*** Records shown ***

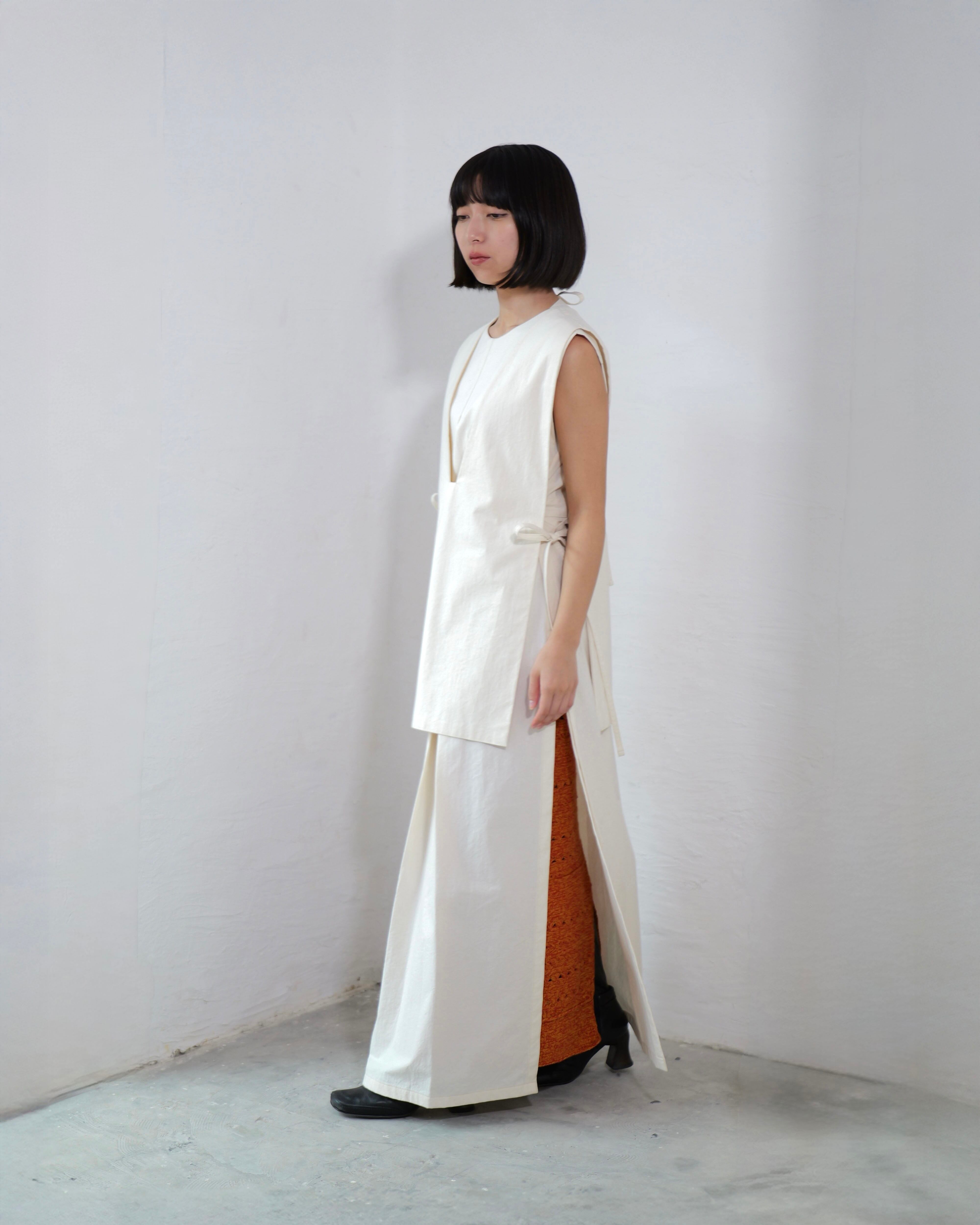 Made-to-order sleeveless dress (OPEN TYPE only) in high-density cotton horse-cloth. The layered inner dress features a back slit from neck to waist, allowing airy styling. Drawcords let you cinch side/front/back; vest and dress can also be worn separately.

***
*** Records shown ***

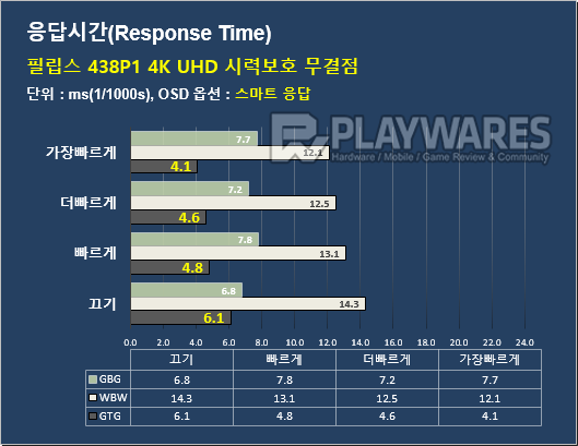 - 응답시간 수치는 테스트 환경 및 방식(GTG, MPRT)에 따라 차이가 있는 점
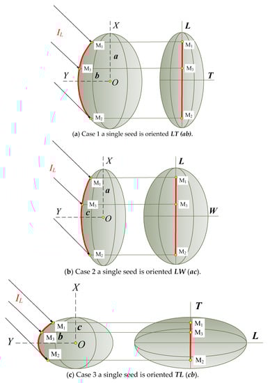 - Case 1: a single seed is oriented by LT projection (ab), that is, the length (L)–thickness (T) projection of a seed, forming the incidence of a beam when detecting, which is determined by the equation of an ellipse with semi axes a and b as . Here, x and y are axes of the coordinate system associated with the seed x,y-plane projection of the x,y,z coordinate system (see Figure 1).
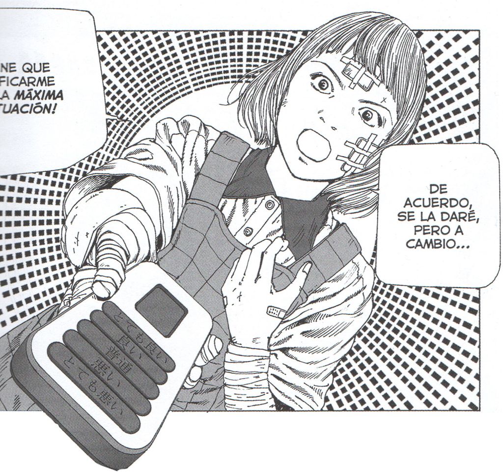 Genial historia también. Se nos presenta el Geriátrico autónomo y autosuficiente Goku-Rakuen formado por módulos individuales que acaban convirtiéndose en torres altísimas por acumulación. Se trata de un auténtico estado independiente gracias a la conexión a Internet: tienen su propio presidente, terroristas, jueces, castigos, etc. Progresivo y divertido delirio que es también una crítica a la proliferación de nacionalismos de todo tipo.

***
*** Records shown ***

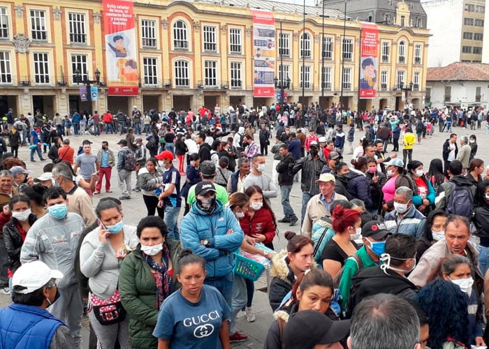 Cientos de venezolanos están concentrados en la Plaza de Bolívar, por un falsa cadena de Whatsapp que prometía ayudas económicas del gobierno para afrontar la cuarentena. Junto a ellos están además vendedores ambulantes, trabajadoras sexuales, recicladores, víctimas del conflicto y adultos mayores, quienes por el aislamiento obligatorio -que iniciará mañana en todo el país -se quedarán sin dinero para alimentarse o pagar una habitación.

***

▸ Exercise prompt: From the data above, retype only the lines starting with the line with "- 응답시간 수치는 테스트" and going on through the line with "Genial historia también.", exactly, leaving out the pictures.

▸ Response to this exercise:
 - 응답시간 수치는 테스트 환경 및 방식(GTG, MPRT)에 따라 차이가 있는 점
 - Case 1: a single seed is oriented by LT projection (ab), that is, the length (L)–thickness (T) projection of a seed, forming the incidence of a beam when detecting, which is determined by the equation of an ellipse with semi axes a and b as . Here, x and y are axes of the coordinate system associated with the seed x,y-plane projection of the x,y,z coordinate system (see Figure 1).
 Genial historia también. Se nos presenta el Geriátrico autónomo y autosuficiente Goku-Rakuen formado por módulos individuales que acaban convirtiéndose en torres altísimas por acumulación. Se trata de un auténtico estado independiente gracias a la conexión a Internet: tienen su propio presidente, terroristas, jueces, castigos, etc. Progresivo y divertido delirio que es también una crítica a la proliferación de nacionalismos de todo tipo.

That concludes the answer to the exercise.